Strictly Speaking: A Column

Elaina Martin, Editor-in-Chief

 

   I never, ever thought I would say this, but I actually miss the crawl out of the UC High parking lot after school. I used to curse the seemingly endless onslaught of cars snaking through every single exit and would race to my car after my last class of the day, crossing my fingers in hopes that I would beat the traffic (but that never actually worked).

   It was slow and irritating and all I wanted to do was get home after an exhausting day of classwork. However, I don’t think I ever appreciated how cathartic the drive home from school really was. Looking back on it, my sister and I actually had a good time and to this day repeat dumb inside jokes we created on the drive home. The drive was like a divide between school and home — a chance to get into a different mindset and relax — which is something I don’t really have anymore. 

   While missing driving home from school is definitely one of the weirder feelings to come out of the pandemic, it’s not the only thing from school that I miss. Obviously, I miss hanging out indoors, un-socially distanced from my friends, in addition to being able to complete my assignments on paper (screen fatigue is the worst). I’m also disappointed that I don’t really get to know my teachers super well and I’m especially depressed that we can’t have a physical paper this year here at the Commander.

   And while I know how lucky I am to be able to safely work from home with relative ease, it’s still tough to handle all of the disappointments that have already come out of this new year and the one previous — because pretty much everything sucks. 

   The truth is, it’s barely the end of the first full semester and I’m already burnt out.

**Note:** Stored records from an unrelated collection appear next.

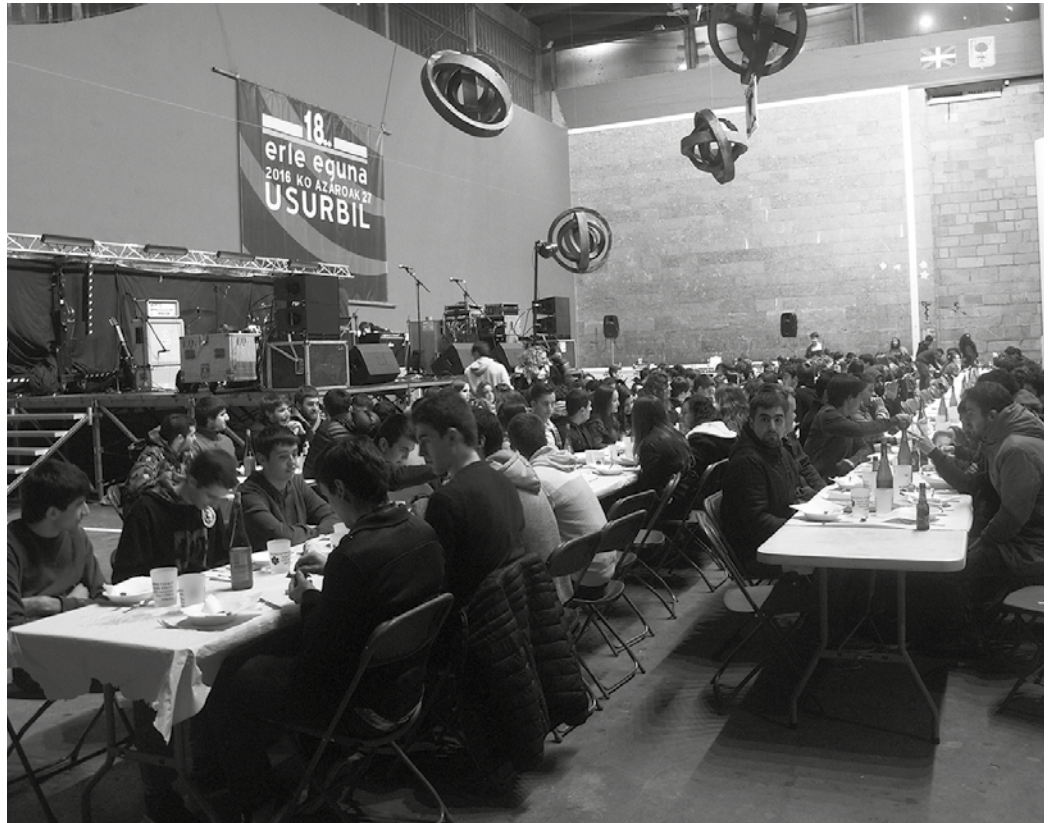
Iaz Erle Eguneako ospakizunen asteburu berean egin zen Gazte Eguna. Aurtun, astebetez aurreratu dituzte ekitaldiak.

■ Oharra: “ez da jarrera sexista, arrazista edota homofoborik onartuko”.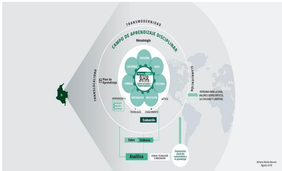
FIGURA 5. Campo de aprendizaje institucional

El campo de aprendizaje disciplinar (figura 5) corresponde al saber de cada disciplina que la Universidad ofrece al departamento de Cundinamarca, la nación y el mundo.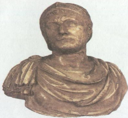
Ганнибал. Древняя скульптура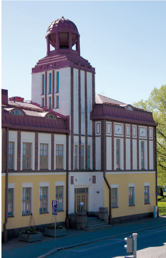
Aikuislukion opetustilat sijaitsevat Globus-talossa, Kotkankatu 13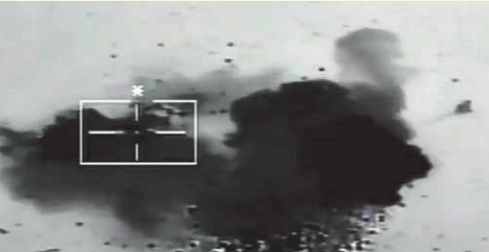
تدمير السيارات المحملة بالمتفجرات على الحدود الغربية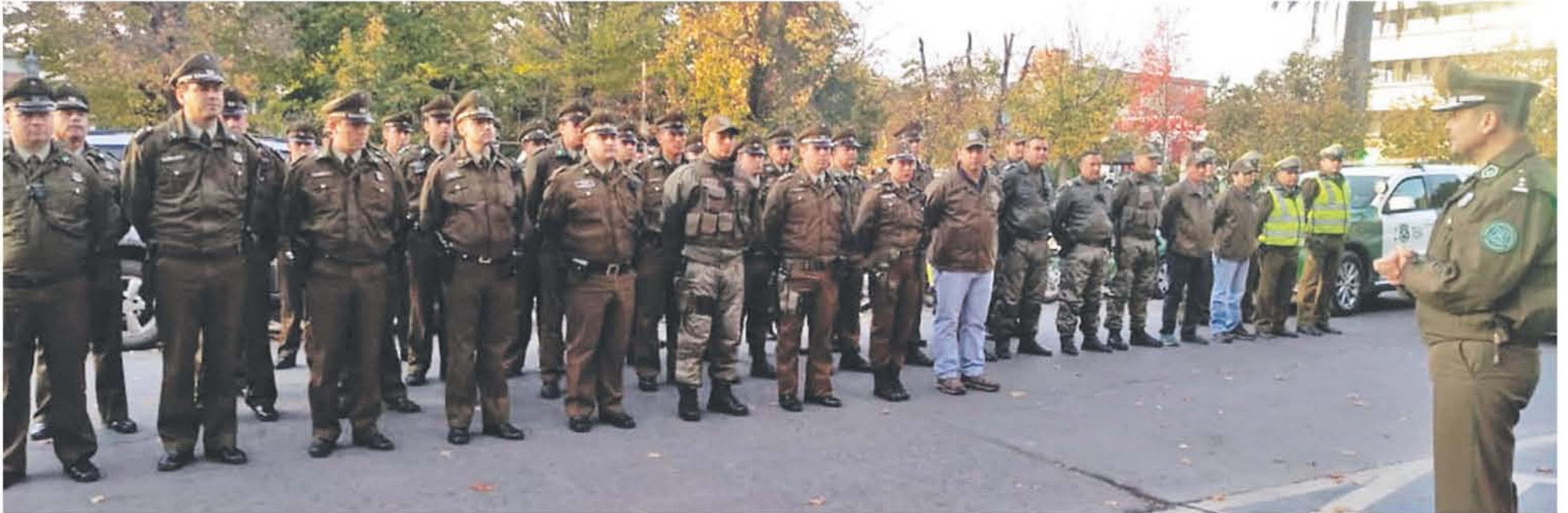
SE DESPLEGÓ LA TOTALIDAD de la fuerza policiaca en controles por diversos delitos.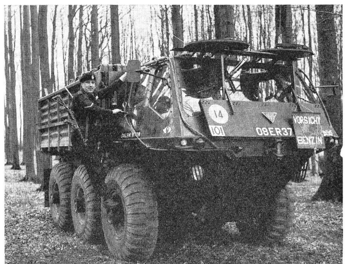
Das hochmobile, voll schwimmfähige Stalwart-Nachschubfahrzeug während einer Gefechtspause.

Dragging myself out of bed and onto Zoom in the mornings gets harder every day and I believe myself less and less every time I say that we’ll make it back onto campus before graduation. In my previous columns, I really tried my best to be positive and find the silver lining, the good side. But for this, that’s really tough to do. 

   These days are seeming awfully close to the Greek myth of Pandora and her jar, filled to the brim with monsters, plagues, and devastation. Between insurrection, political turmoil, an endless pandemic, and a host of other problems, it sure as hell feels like someone tipped the jar over and hasn’t tried very hard to get the lid back on. But in the myth, one thing never left the jar at all — and that was hope. 

   In acknowledging the weirdness and the disappointment, I’m able to let some of it go and allow myself to be accepting of the circumstances and hopeful, because I am hopeful that we’ll be able to make it back to school in the upcoming months, hopeful that the vaccine will become more widely available, hopeful that we will be able to make it back to some semblance of normal life. There’s a lot I miss and a lot I’m disappointed by, but at the bottom of it all I still have hope for the future, which — for now — is enough.